I think the skills from this sport—learning how to be a good winner, learning how to be a gracious loser, time management, accountability, not being afraid of taking risks—are so beneficial.—Jill Lang, parent

Because when it comes down to it, Drew explained, few people go on to wrestle professionally—but that doesn’t mean the sport doesn’t continue to shape them. “There’s a quote about wrestling: ‘Once you’ve wrestled, everything else in life is easy,’” he said. “I think there’s some truth behind that, just because wrestling is the same as everything else: you’re going to fail at times, you’re going to be successful at times.”

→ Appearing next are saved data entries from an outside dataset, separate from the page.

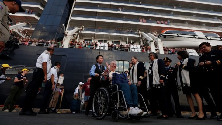 After that, the Dutch-flagged luxury liner was barred from docking in Manila in the Philippines, Kaohsiung in Taiwan, and, despite a request by the US State Department, the American territory of Guam. Malaysia and Thailand also turned it away.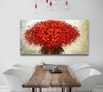 Dipinto ad olio fatto a mano bouquet di fiori rossi su fondo astratto. Varie dimensioni disponibili su richiesta. DIPINTO SU RICHIESTA.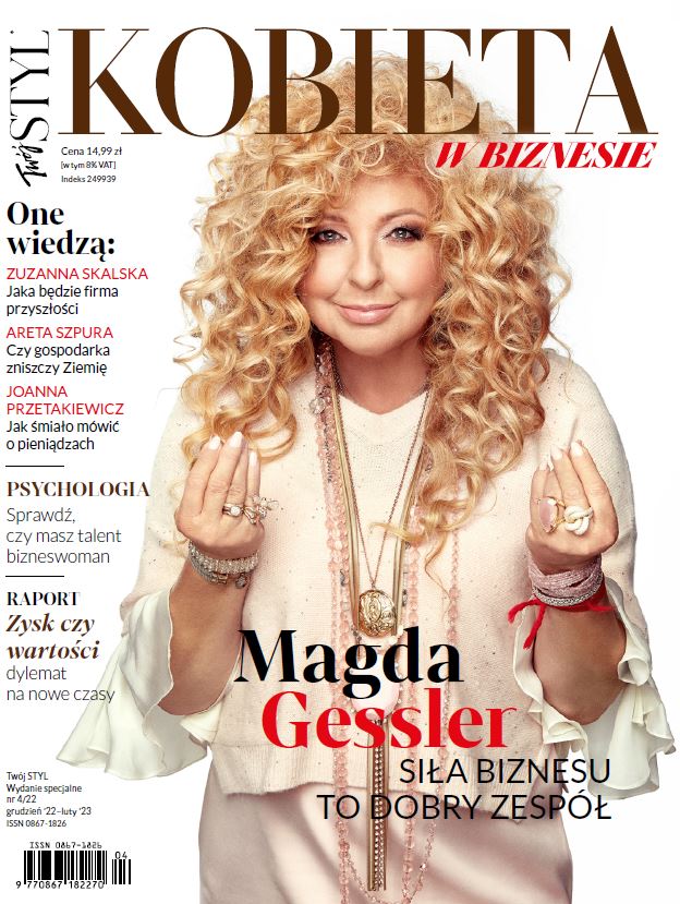Dodatkowo w numerze autorka książek Areta Szpura podpowiada jak uratować świat. Sama stworzyła odzieżową markę i porzuciła ją, bo nie chciała szkodzić planecie. Działa na rzecz ekologii i zrównoważonego biznesu i twierdzi, że możemy tworzyć firmy przyjazne naturze, a także reportaż, którego bohaterki podają przepis na sukces w obliczu pandemii, wojny, inflacji – co pomaga przetrwać poważne kryzysy? W firmie tą siłą jest lojalny kreatywny zespół. Jak go zbudować, jak pielęgnować relacje? Dziś procentuje polityka inwestowania w dobre relacje.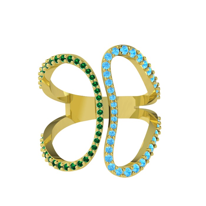 Yeşil kuvars ve akuamarin 8 ayar altın yüzük

Jill agreed. “Drew’s not going to be a wrestler his entire life,” she said, “but I think the skills from this sport—learning how to be a good winner, learning how to be a gracious loser, time management, accountability, not being afraid of taking risks—are so beneficial, whatever he decides to do.”

The sport has also shown him, and those around him, the power of family and community, all of which came together to support Drew’s dreams. While much of this credit goes to Jill and her husband, Dave, as well as to Drew’s favorite role models, Jack and Will, and his coaches, Jill also took time to express gratitude to Rowland Hall for playing an important role in Drew’s journey.

“I’ve been so blown away by how accommodating the school has been; that’s helped Drew be where he is today,” she said. “Middle School Spanish teacher Bill Shann literally has watched more matches of Drew’s than I could ever tell you—away matches, home matches, matches online. He’s just been so supportive. The teachers have been so accommodating, as I’m sure they are with other kids that have interests they want to pursue. That’s been such a blessing for our family, to have such a supportive network.”

And no matter what happens on the mat this month, Drew will end his high school wrestling career surrounded by those who love him most.

“This is Drew’s moment, and I’m so grateful I get to share in it,” said Jill. “I just want him to go out there, and do his best, and enjoy that moment, and just know, whatever place he takes, we’re right up there watching him, as we always are.”

Lang family

The Lang family; from left: Drew, Jill, Jack, Will, and Dave.


Update February 7, 2022: Drew won the 6A Boys Division Tournament, held February 4–5, and will be the #1 seed going into the 6A Boys State Tournament, which begins on February 18.